Work item> Skip the pictures and write out, word for word, the lines below from the one with "If you love" through the one with "Béžové dámské cargo", inclusive.

Data to process>
== Segment start ==
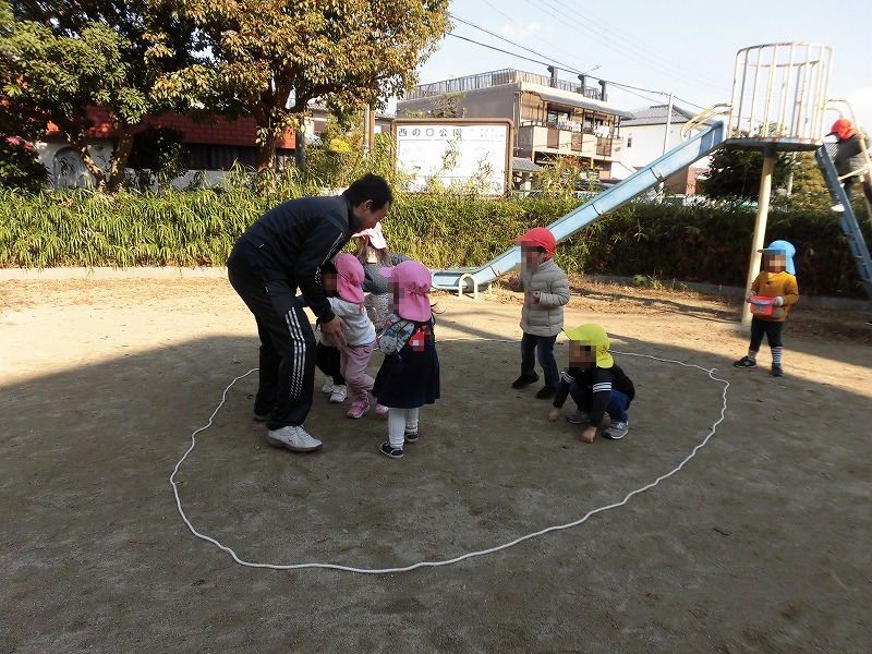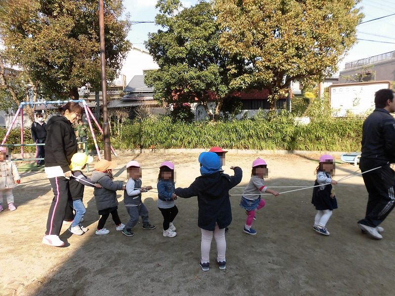 冬場は走り回ったり、全身を使って遊ぶ遊びが「おもしろーい!」「オオカミごっこ」「しっぽとりゲーム」「むっくり熊さん」「お相撲さん」「電車ごっこ」などなど(^-^)。お外から帰ってきた園長はいつも息切れゼーゼー(笑)54才の体力は子天使ちゃん達には負けちゃいます(汗)
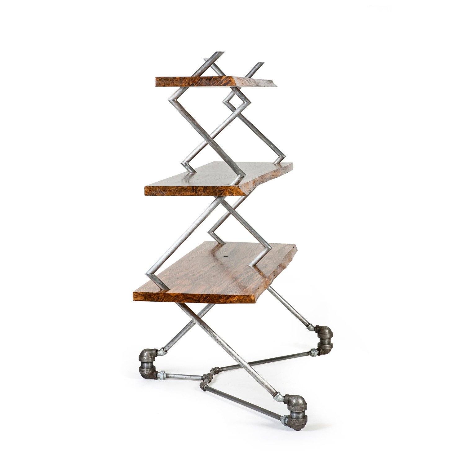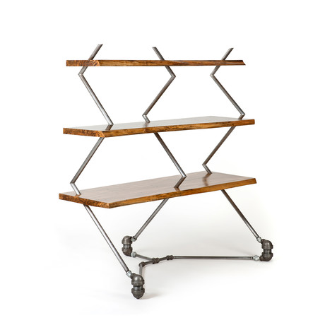 If you love the look of zig-zagging right angles, the Wormy Inertia, Jr. is just for you. While building the piece, the artist had to use scaffolding for support. After removing the scaffolding, he realized that the piece needed more stability and the shelves needed to be secured to the frame. With added the reclaimed plumbing fittings at the base to connect the three legs and stabilize the piece and, also, drillings through the slabs into the pipes to insert screws. Rather than using a wooden plug, he decided to fill the holes with solder. This look was the winner.
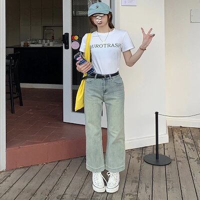 3色 ジーンズ デニムパンツ ロングパンツ gパン ストレッチ 九分丈 アンクルパンツ ハイウエスト 着痩せ ストレート ボトムス レディース 春 秋 冬 カジュアル ファッション | koookooo
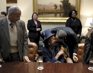 Michelle and I were deeply saddened to hear about the passing of Dorothy Height – the godmother of the Civil Rights Movement and a hero to so many Americans. Ever since she was denied entrance to college because the incoming class had already met its quota of two African American women, Dr. Height devoted her life to those struggling for equality. She led the National Council of Negro Women for 40 years, and served as the only woman at the highest level of the Civil Rights Movement – witnessing every march and milestone along the way. And even in the final weeks of her life a time when anyone else would have enjoyed their well-earned rest ‘Dr. Height continued her fight to make our nation a more open and inclusive place for people of every race, gender, background and faith. Michelle and I offer our condolences to all those who knew and loved Dr. Height and all those whose lives she touched.
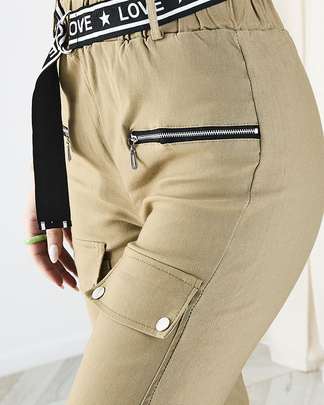 Béžové dámské cargo kalhoty s kapsami - Oblečení
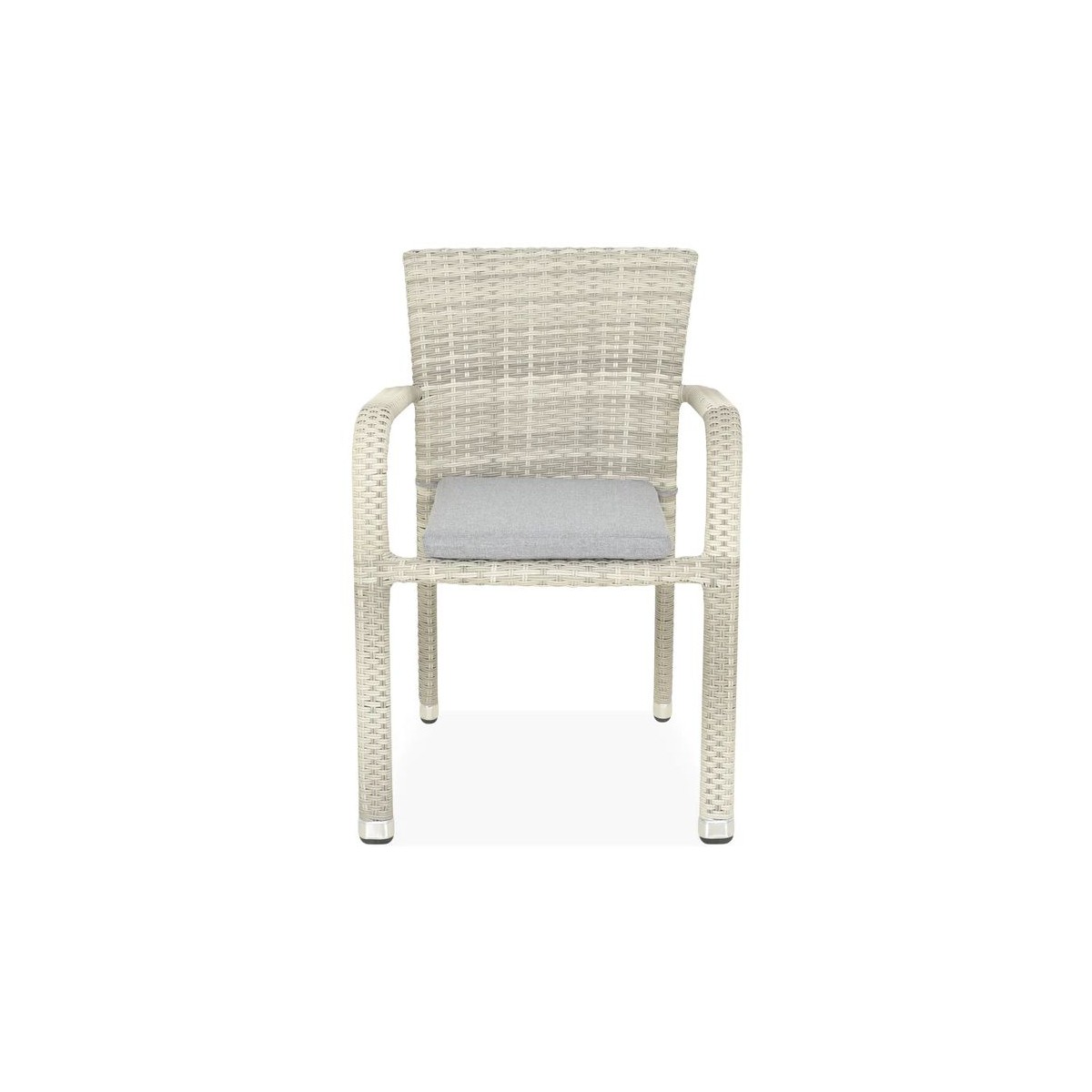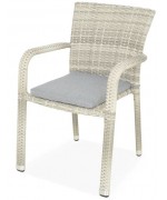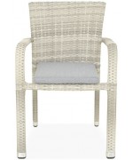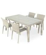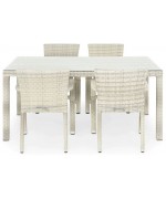 Scaunele, suprapozabile, si, de asemenea, masa, sunt realizate din structura solida de aluminiu, impletita cu fibre sintetice ce imita ratanul, cu protectie impotriva razelor UV.
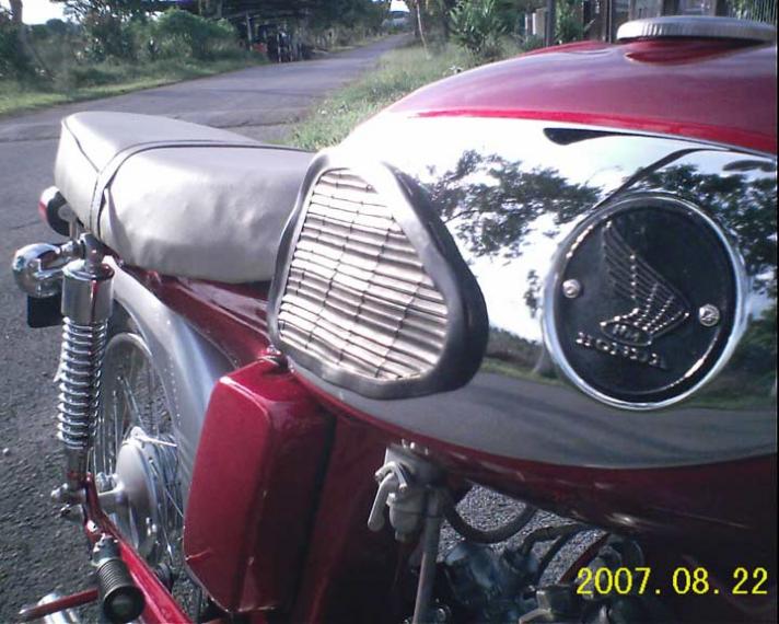 Many thanks to Isaac Stalin of Malaysia for these pictures of his bike: Model: Honda CD125 Year Made: 1969 Engine: Twin exhaust, single carburetor (modified with Honda EX% 100cc, new standard piston & block linear) Rim & Tyre: 16 inch rims & tyres Custom made seat, Dunhill Red/Silver paint job
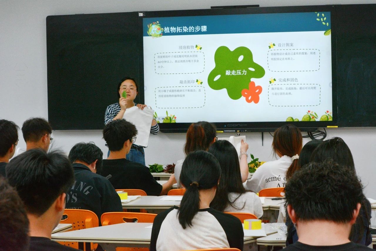 活动伊始,梅青青老师通过5分钟的“减压小课堂”,向同学们科普了压力管理的实用技巧与植物疗愈的科学原理。她指出:“自然与艺术是心灵的天然解药,专注创作的过程能帮助我们回归当下,释放焦虑。”简短的理论讲解为后续实践奠定了科学基础,也点燃了同学们对植物拓印的兴趣。
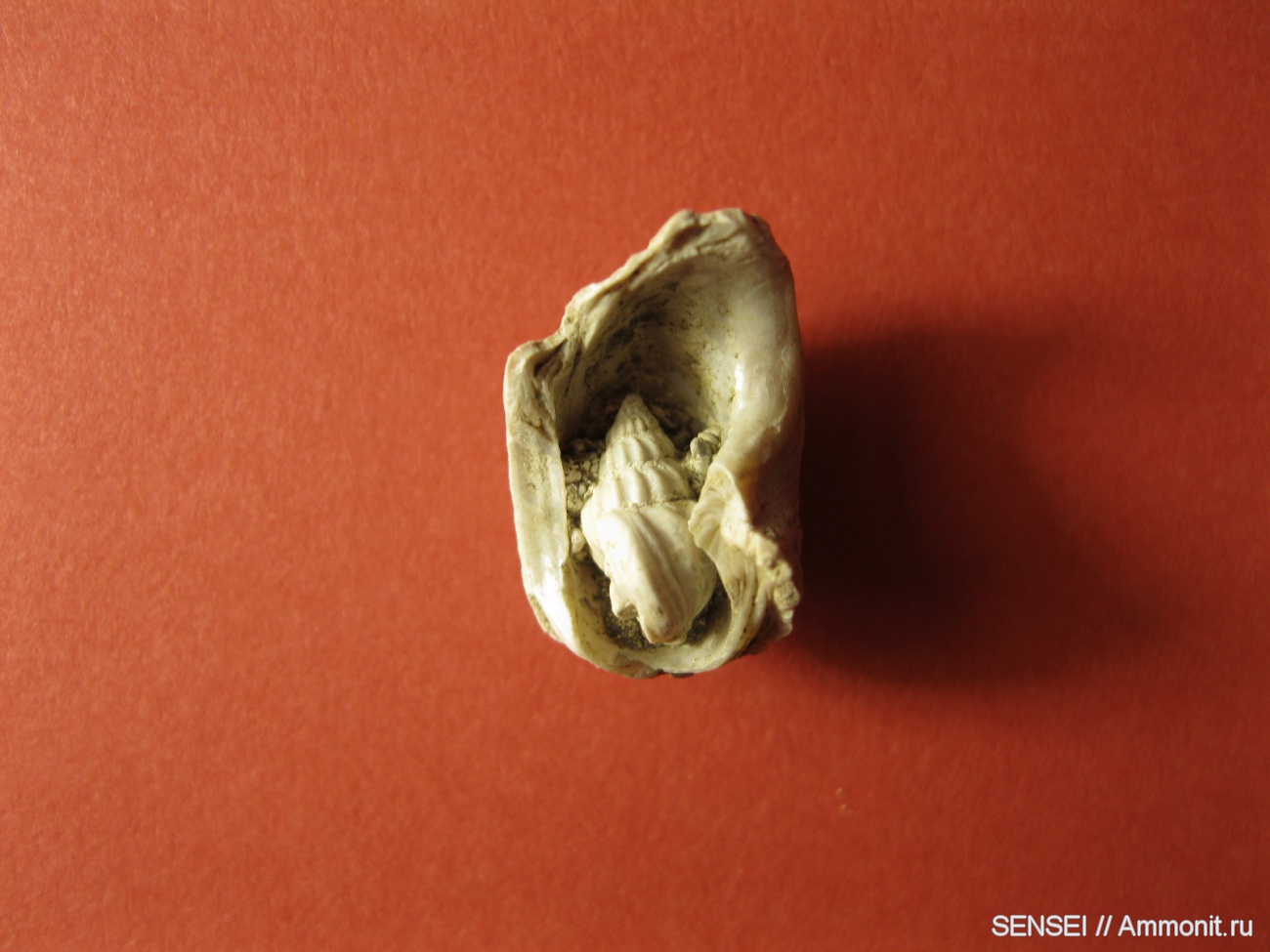 В обломке гастроподы расположилась Cerithiidae ,а в той еще какой-то моллюск этакая русская матрешка.Эту композицию нашел уже готовой только отмыл.
== Segment end ==
Answer section>
 If you love the look of zig-zagging right angles, the Wormy Inertia, Jr. is just for you. While building the piece, the artist had to use scaffolding for support. After removing the scaffolding, he realized that the piece needed more stability and the shelves needed to be secured to the frame. With added the reclaimed plumbing fittings at the base to connect the three legs and stabilize the piece and, also, drillings through the slabs into the pipes to insert screws. Rather than using a wooden plug, he decided to fill the holes with solder. This look was the winner.
 3色 ジーンズ デニムパンツ ロングパンツ gパン ストレッチ 九分丈 アンクルパンツ ハイウエスト 着痩せ ストレート ボトムス レディース 春 秋 冬 カジュアル ファッション | koookooo
 Michelle and I were deeply saddened to hear about the passing of Dorothy Height – the godmother of the Civil Rights Movement and a hero to so many Americans. Ever since she was denied entrance to college because the incoming class had already met its quota of two African American women, Dr. Height devoted her life to those struggling for equality. She led the National Council of Negro Women for 40 years, and served as the only woman at the highest level of the Civil Rights Movement – witnessing every march and milestone along the way. And even in the final weeks of her life a time when anyone else would have enjoyed their well-earned rest ‘Dr. Height continued her fight to make our nation a more open and inclusive place for people of every race, gender, background and faith. Michelle and I offer our condolences to all those who knew and loved Dr. Height and all those whose lives she touched.
 Béžové dámské cargo kalhoty s kapsami - Oblečení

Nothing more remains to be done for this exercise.